* _WORK REQUIRED_
Don't include any picture when you restate the data word for word.

* _INPUT DATA_
--- START ---

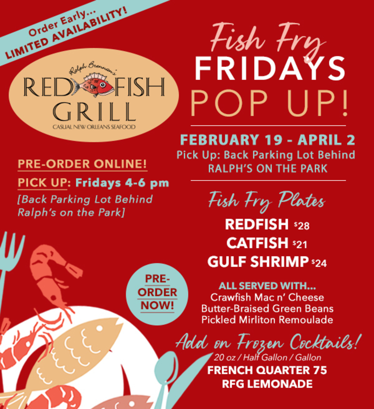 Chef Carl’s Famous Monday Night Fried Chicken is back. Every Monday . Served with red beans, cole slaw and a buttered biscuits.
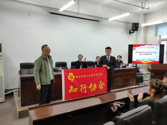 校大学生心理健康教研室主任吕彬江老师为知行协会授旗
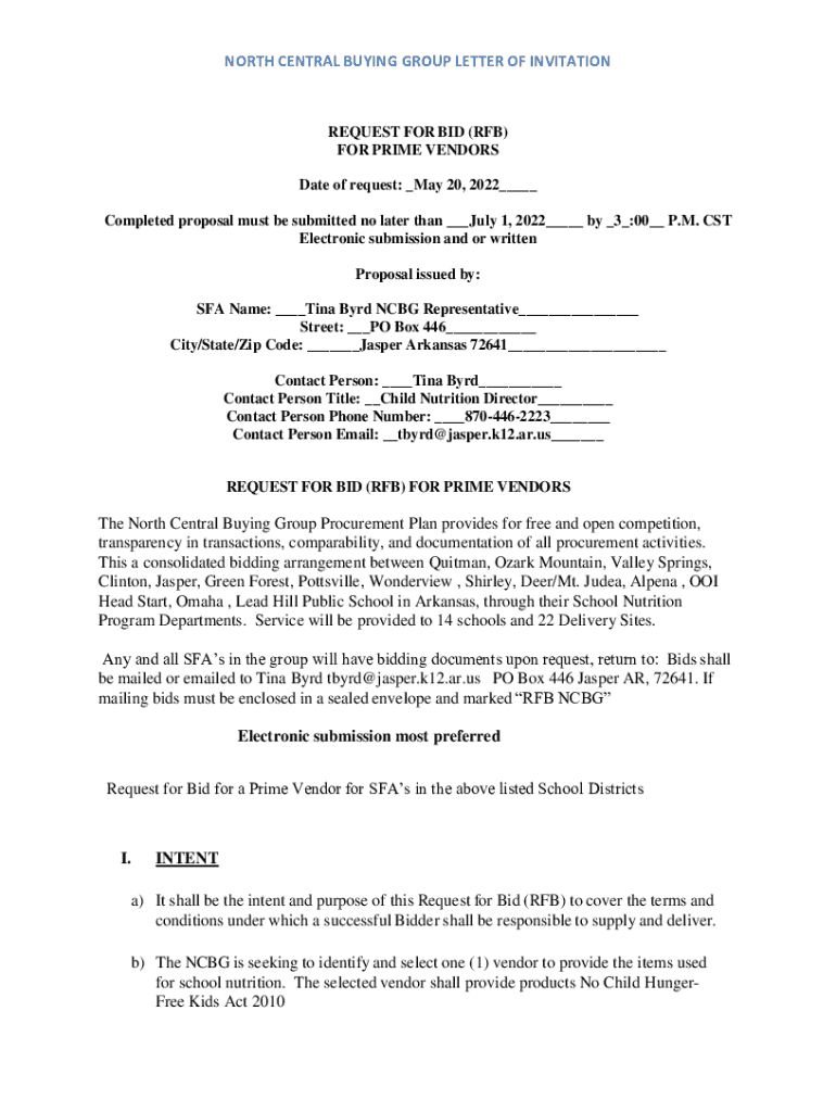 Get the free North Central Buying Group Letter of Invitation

--- END ---

* _RESULT_
 Chef Carl’s Famous Monday Night Fried Chicken is back. Every Monday . Served with red beans, cole slaw and a buttered biscuits.
 校大学生心理健康教研室主任吕彬江老师为知行协会授旗
 Get the free North Central Buying Group Letter of Invitation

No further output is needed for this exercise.